Week End

1967 avant-garde comedy/drama

Rating: 16/20

Plot: A bourgeousie couple take what is supposed to be a pleasant trip to visit the parents of one of them, although secretly, they are hoping for their deaths. The trip starts out terribly with a fender bender that leads to neighbors shooting bullets and arrows and serving a barrage of tennis balls at them. The trip only gets worse--ghastly traffic jams, numerous burning automobile accidents, kidnappings, and a piano concert that seems to go on forever.

Radical filmmaking reminiscent of Bunuel's choppier surrealist works and Songs from the Second Floor, crazily episodic, disturbing, and darkly humorous. This benefits from a very made-up-as-it-goes approach, and although not all the extended scenes work, they all manage to seem really important.

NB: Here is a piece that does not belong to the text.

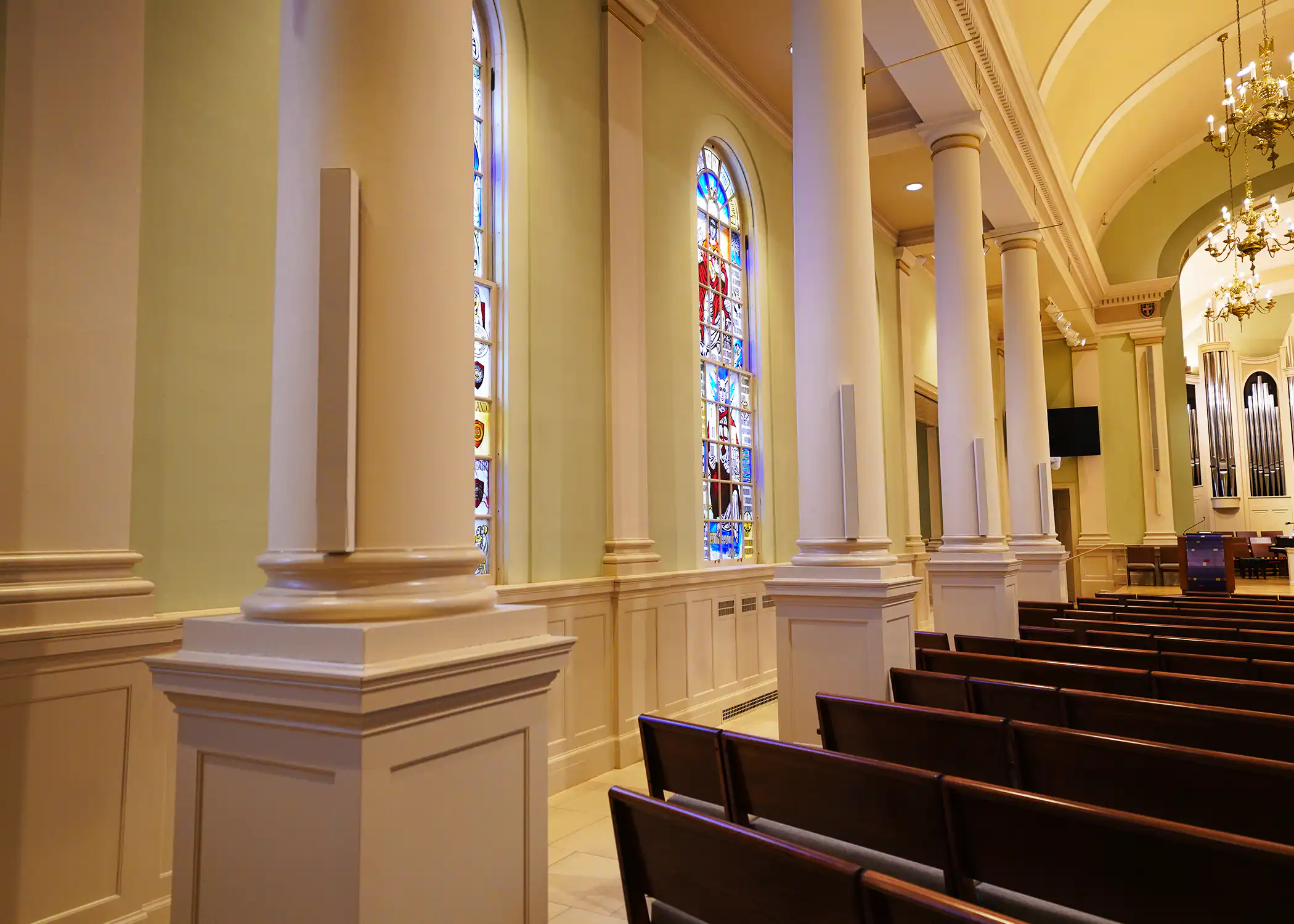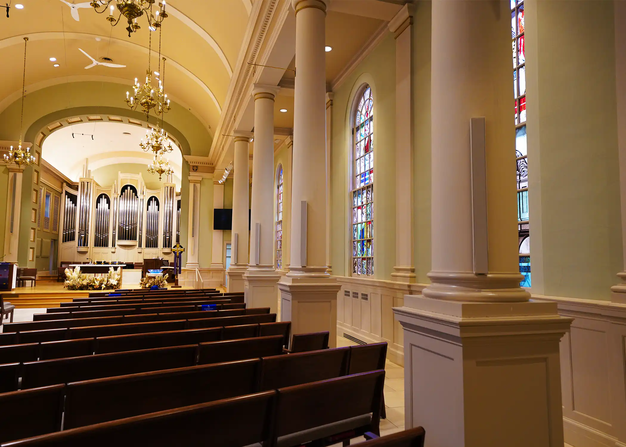 The church was having issues with speech clarity as well as even coverage in the sanctuary. AVE electronics installed an Innovox sound system which significantly improved articulation and intelligibility throughout the entire space. The page link below does an excellent job of describing the process:

Classic epic traffic jam scene featuring giraffes, chess players, broken bodies, picnickers, and people playing catch between cars and building to a devastating denouement is jaw-dropping, one extended tracking shot nearly worth the price of admission alone. Very meta film--minor characters ask if they're real or part of a movie and flashy title cards proclaim the film as the end of cinema. I didn't care for all the political stuff (nor did I completely understand it...indictments of both Western Culture and cinema) and those title cards seem tacky and overdone, but this is very entertaining absurdism. Comedy roadkill and satiric chaos! As the opening credits promise, this is a "film adrift in the cosmos."